#2511 Private Owen Stanley Tolman
26TH BATTALION, AUSTRALIAN INFANTRY FORCE
DESPITE THE FACT THAT AUGUST would not contain a major offensive on the Somme, high casualties continued to mount. As well as the sick being evacuated from the line, casualty clearing stations were inundated with a constant stream of wounded men; those hit by stray bullets, maimed by the never-ending shellfire and taken ill in the dreadful squalor of the trenches.
Private Owen Tolman. (Australian National War Memorial)
Born in Hobart, 24-year-old Owen Tolman, a dockside worker, had enlisted at Claremont, Tasmania, in July 1915. With the 26th Infantry Battalion, he was one of those who had relieved the exhausted 1st Australian Division at the end of July after its capture of Pozières. When they arrived, Owen and his counterparts found their predecessors lying in the bottom of the trenches, the parapets littered with dead men.
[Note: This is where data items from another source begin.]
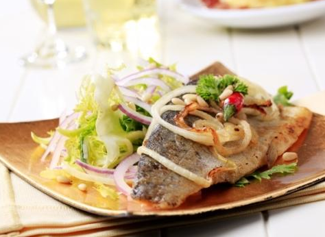 Očištěnou a vykuchanou rybu pečlivě osušte, nařízněte podél páteře a do osolené břišní dutiny vložte bylinky, plátky citrónu a cibule. Rybu potřete olejem, zakápněte citrónovou šťávou, posypte zbylými bylinkami, dejte na plech pokrytý pečícím papírem spolu s rajčaty a grilujte v troubě nebo na grilu asi půl hodiny.
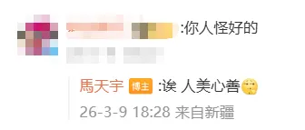 马天宇在评论区自夸“人美心善”
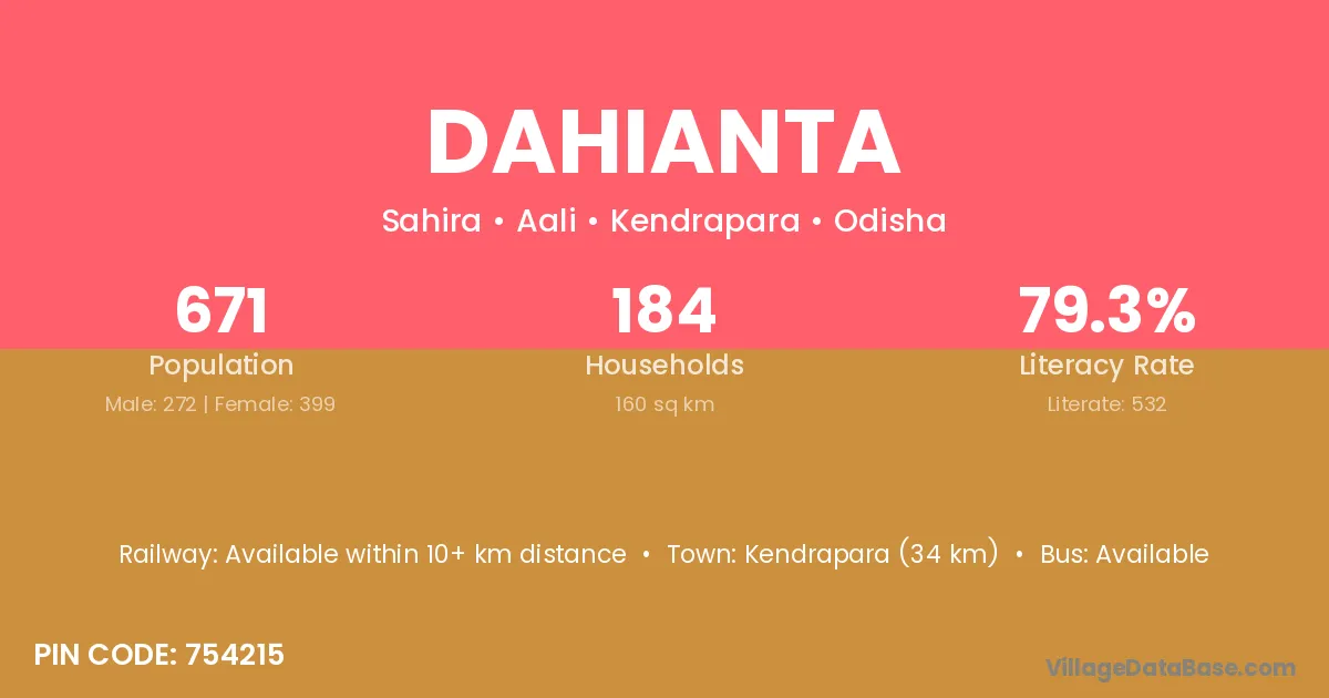 Kendrapara (34 km) is the nearest town to Dahianta village for major economic activities and is located approximately 34 km away.

All looked exhausted and were at the end of the limits of their endurance.
On 27th July four waves of Owen’s battalion lined up shortly after 11pm, the objective at that time still being the OG Lines. As midnight passed, Owen was moving steadily forward to the 26th Battalion’s designated start position. Suddenly the enemy opened fire on them with machine-gun and rifle fire, although a large percentage of it was too high to hit anything effectively. They began their attack. As Owen and his battalion advanced, the men encountered first advanced posts, connected underground to the German lines, and then a shallow trench lightly manned and only partly protected by wire entanglements. In the darkness the men became somewhat confused. Troops veered to the left, and the men on their right became mixed up with Owen and his companions. The formation of waves set up to advance melted away into small groups as they climbed over uneven ground and attempted to avoid enemy shellfire.
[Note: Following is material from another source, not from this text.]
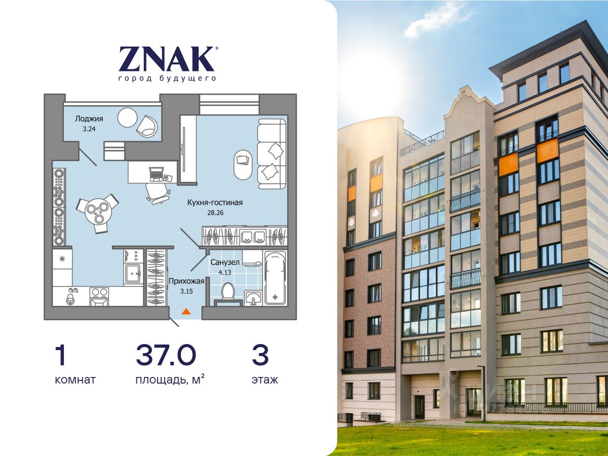Продается студия площадью 37.00 кв. м. с предчистовой отделкой. Квартира находится в жилом комплексе комфорт-класса ZNAK, расположенном в районе ул. Берша.
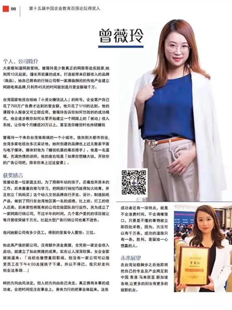 ◆ 不到兩年擁有千位正式課程學員,兩萬多位講座學員◆ 輔導的個人品牌一個月內找到數百位追隨者並成功變現6~7位數◆ 經濟日報、工商時報、中視、台視、TVBS等多家媒體採訪◆ KKBOX百大Podcast播客得獎人◆ 中國百大培訓師得獎人◆ 中國高級心理諮詢指導師◆ 裕隆汽車行銷部企業內訓 講師◆ 聯輔基金會、經濟部、勞動部行銷講師

Despite their troubles, Owen and his fellow Australians in their isolated groups managed to get as far as the undamaged and cumbersome wire entanglements in front of the enemy’s second line and a few men even managed to enter their defences. There was no way of contacting headquarters, and no co-operation with their own artillery. In the face of the wire and a fiercely defended position, the 26th Battalion began to retire again, confused as to whether orders to do so had been issued or not. Having established that any gains in the enemy line were meagre and not sustainable, and that other troops had been ordered to withdraw, the same order was officially given to Owen’s battalion. For the most part the men ended up right back where they started.
Casualty clearing stations behind the line were swamped with the wounded. That day No. 3 CCS, situated at Puchevillers, admitted 370 officers and men and on the next 178 more. Owen arrived with 233 more troops on the 29th, another busy day, as men continued to be treated, succumbed to their wounds or were transferred on to ambulance trains to be sent on to base hospitals and beyond that, Blighty. Numbers continued to be high, spiking even more in the first week of August as admittances reached nearly 600 men per day, including nearly 100 Germans. All the while, Owen remained under their care, too badly hurt to be transferred. When the 26th Australian Infantry Battalion was withdrawn from the lines on the 7th it had suffered more than 650 casualties, including Owen Tolman. He succumbed to his wounds on 10th August and was laid to rest at Puchevillers British Cemetery plot I.F.61.